In this lab you will enable client-side at-rest encryption using AWS KMS-managed key for data stored in Amazon S3 with the EMR File System (EMRFS). Within Amazon EMR you will create security configuration to encrypt the object written to S3 with client-side encryption using the AWS KMS-managed key specified by you, and decrypt objects with the same key that was used to encrypt them. This will allow you to more easily leverage frameworks like Apache Spark, Apache Tez, and Apache Hadoop MapReduce on Amazon EMR to run big data analytics, stream processing, machine learning, and ETL workloads on confidential data.
Level
Intermediate
Duration
1 Hours 0 MinutesCourse Objectives
In this course, you will learn how to:
- Create an Amazon S3 bucket
- Create a key using AWS KMS
- Create security configuration in EMR to enable client-side encryption using AWS KMS-managed key
- Launch an AWS Elastic Map Reduce(EMR) cluster using the AWS Management Console
- Read and write objects from and to S3 using AWS EMR File System (EMRFS)

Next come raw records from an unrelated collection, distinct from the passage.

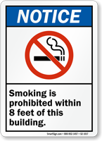 • • Many states ban smoking within 25 ft of building entrance and exit doors. Post our signs to make the law known and keep your facility smoke-free.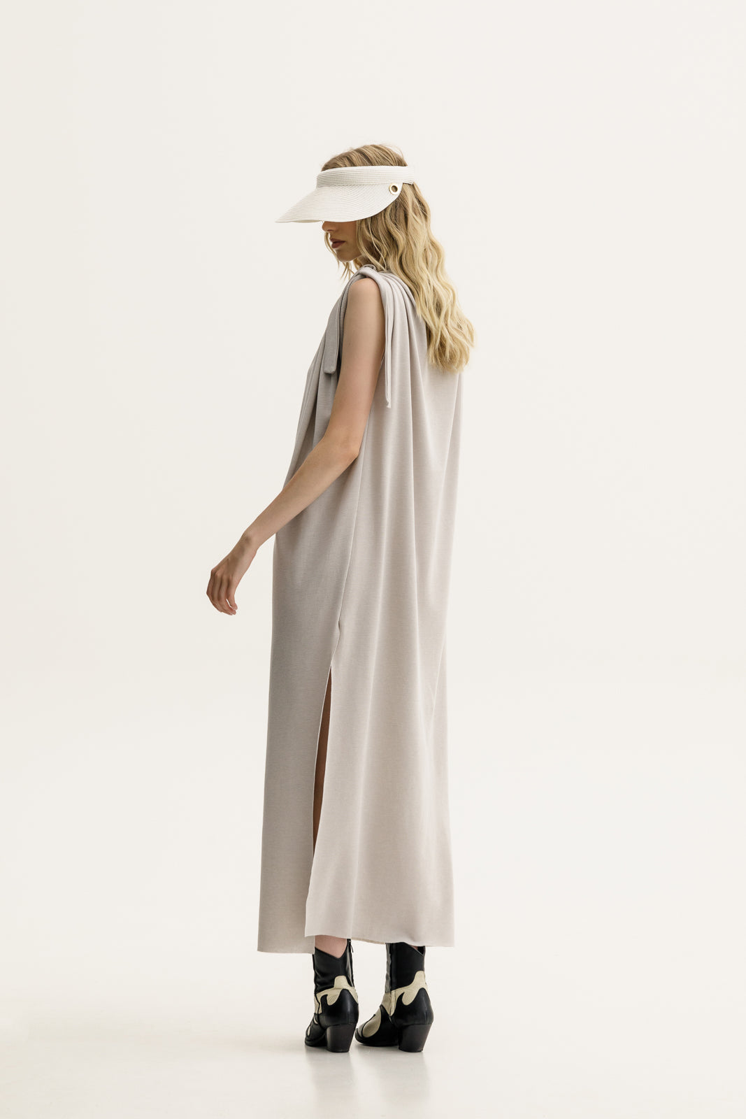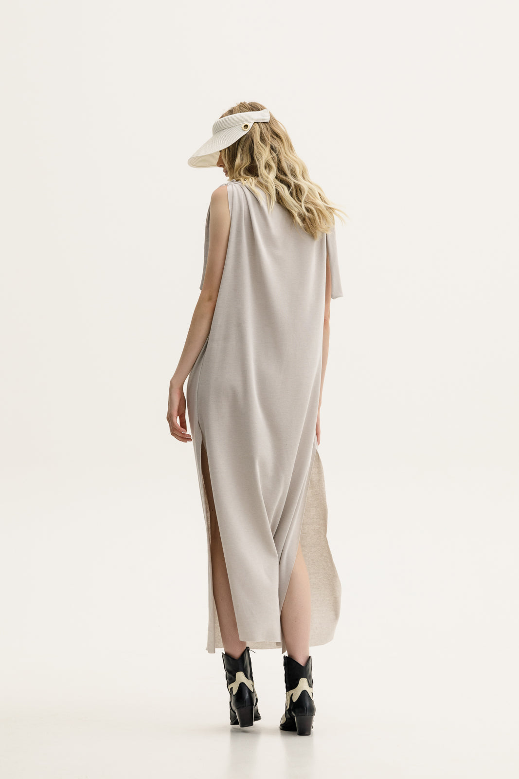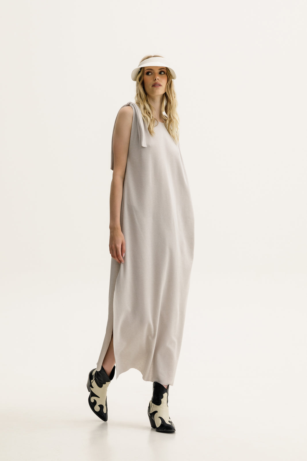 A sleeveless dream dress in a soft sand hue, featuring wide knotted ties at the shoulders and a modern round neckline. Its side slits add movement and just the right amount of edge. Deep side slits for extra ease and fluidity. Pair with cowboy boots for a cool-girl summer uniform or dress it up with a sleek heel.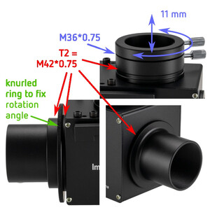 La pequeña caja negra contiene un espejo de desviación móvil que desvía el rayo en 90o hacia arriba o, en caso de necesidad, le permita el paso. Tiene la posibilidad de montar al mismo tiempo, tanto una cámara y un ocular. No tiene que realizar el enfoque complicado de una cámara CCD. Después de haber ajustado ocular y cámara puede realizar el enfoque dentro de pocos segundos.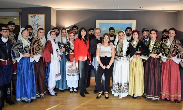Η Υπουργός καλωσόρισε τους νέους και νέες του Ομίλου που χόρεψαν κρητικούς χορούς και αντάλλαξαν ευχές και συμβολικά δώρα για το νέο έτος.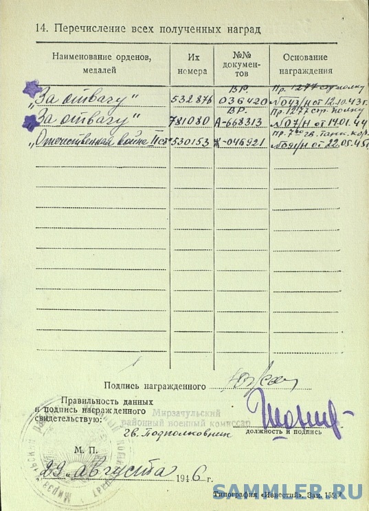 Медаль За Отвагу № 532876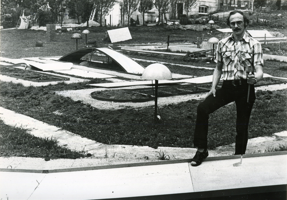 Zwart-wit foto van de heer Mulder op de mini golfbaa...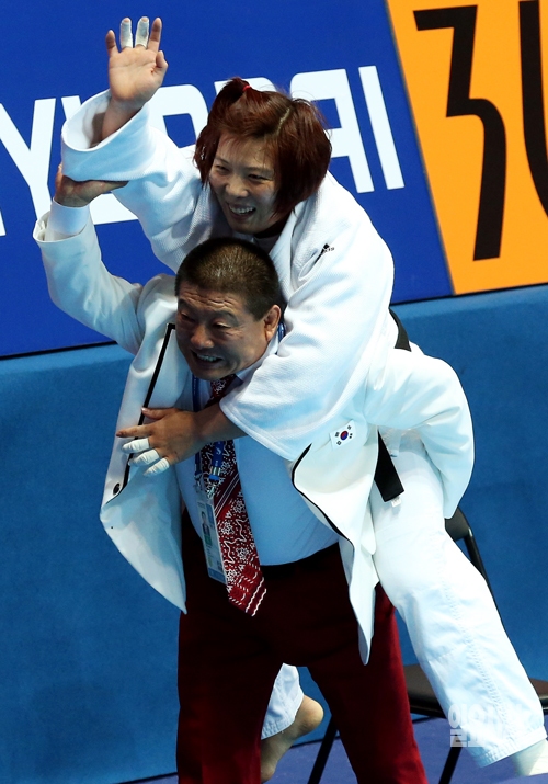 정경미가 22일 인천 도원체육관에서 열린 2014 인천 아시안게임 유도 여자 78kg급 결승전에서 북한의 설경을 상대로 우세승을 거둔 뒤 서정복 감독이 업어주고 있다.
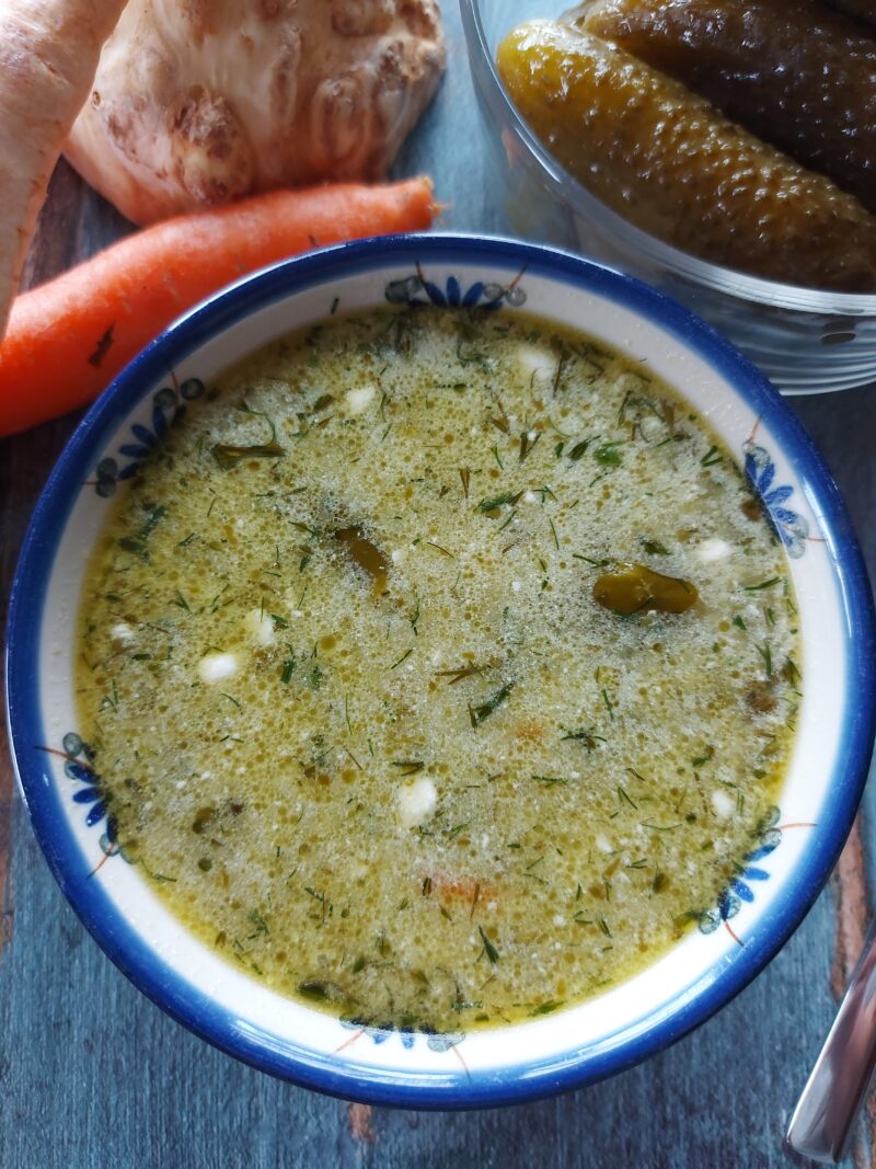 - kiszone ogórki (gotowe do zupy albo całe do starcia na tarce)

- View EMR output data directly from Amazon S3
Intended Audience
This course is intended for:
- Developers
- Security Engineers
Prerequisites
We recommend that attendees of this course have the following prerequisites:
- Familiar with basics of Hadoop and Hadoop File System (HDFS)
- Familiar with basic Linux server administration
- Comfortable using the Linux command-line tools
Course Outline
- Task 1: Create an Amazon S3 bucket
- Task 2: Create an AWS KMS Key
- Task 3: Create a Security Configuration in Amazon EMR
- Task 4: Launching an Amazon Elastic MapReduce Cluster
- Task 5: Validate Client Side Encryption